In my opinion, the interesting observation is that by looking at the contributor network, we see the clique only appearing at the second semester of 2017, but, on the centrality graph we see this pattern of increasing activity with decreasing centrality starting in 2015! Two years before the community split is visible.
Now the question I have, and I think it’ll be a tough one so I might leave it unanswered for a little while. Could we detect this kind of pattern early? Could we detect without too much false positive (even though there always will be some of them)?
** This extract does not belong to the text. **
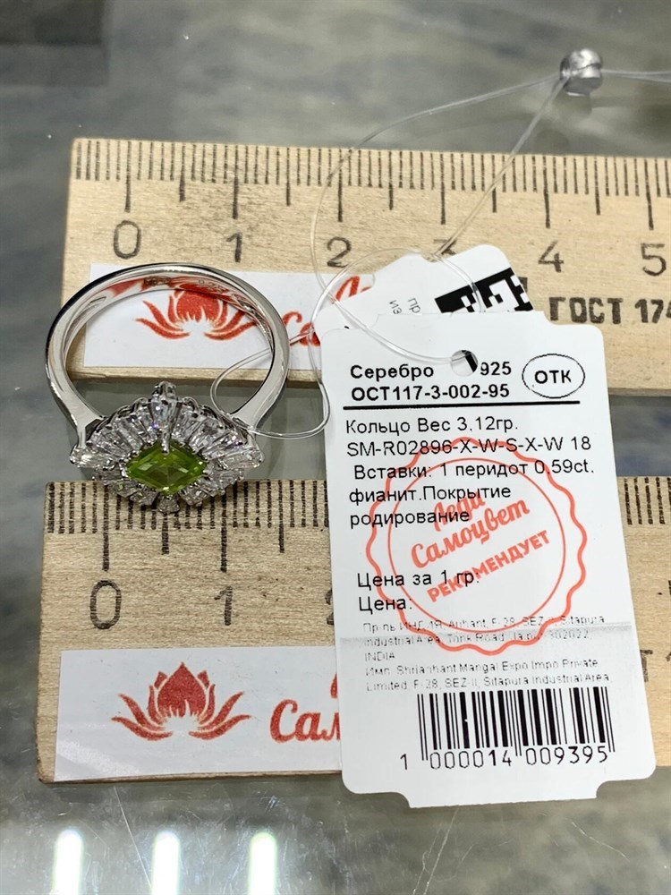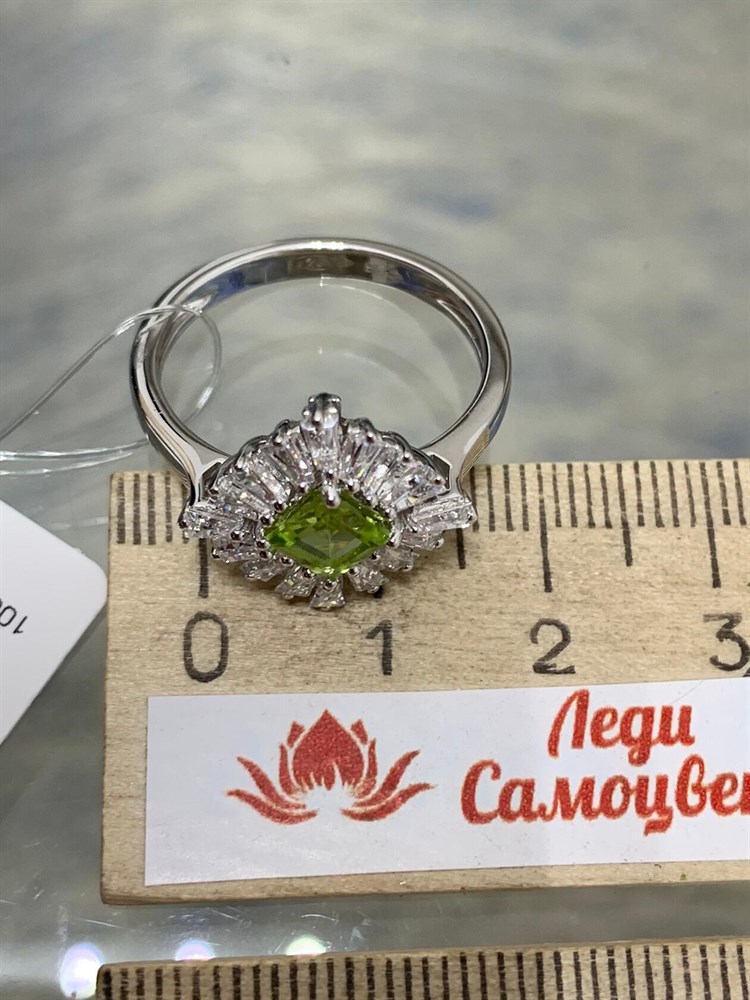 *Кольцо р.18 Хризолит арт. SM-R02896-X-W-S-X-W-448 вес 3,12 г

I think it’s important to think about that because in that particular case, assuming we’d have such a tool, the Community Working Group would have been warned of a team split to come and maybe step in to see if they could save the situation. Currently our Community Working Group is mostly working in reactive mode since they talk to people when a conflict emerges, with such a tool they could also try to be proactive and check on a team if the “increasing activity with decreasing centrality” pattern emerges. I think it would be nice if they could do this and talk to people before too many feelings were hurt.
It’ll take time to get there, if at all. But I think it’s worth looking into.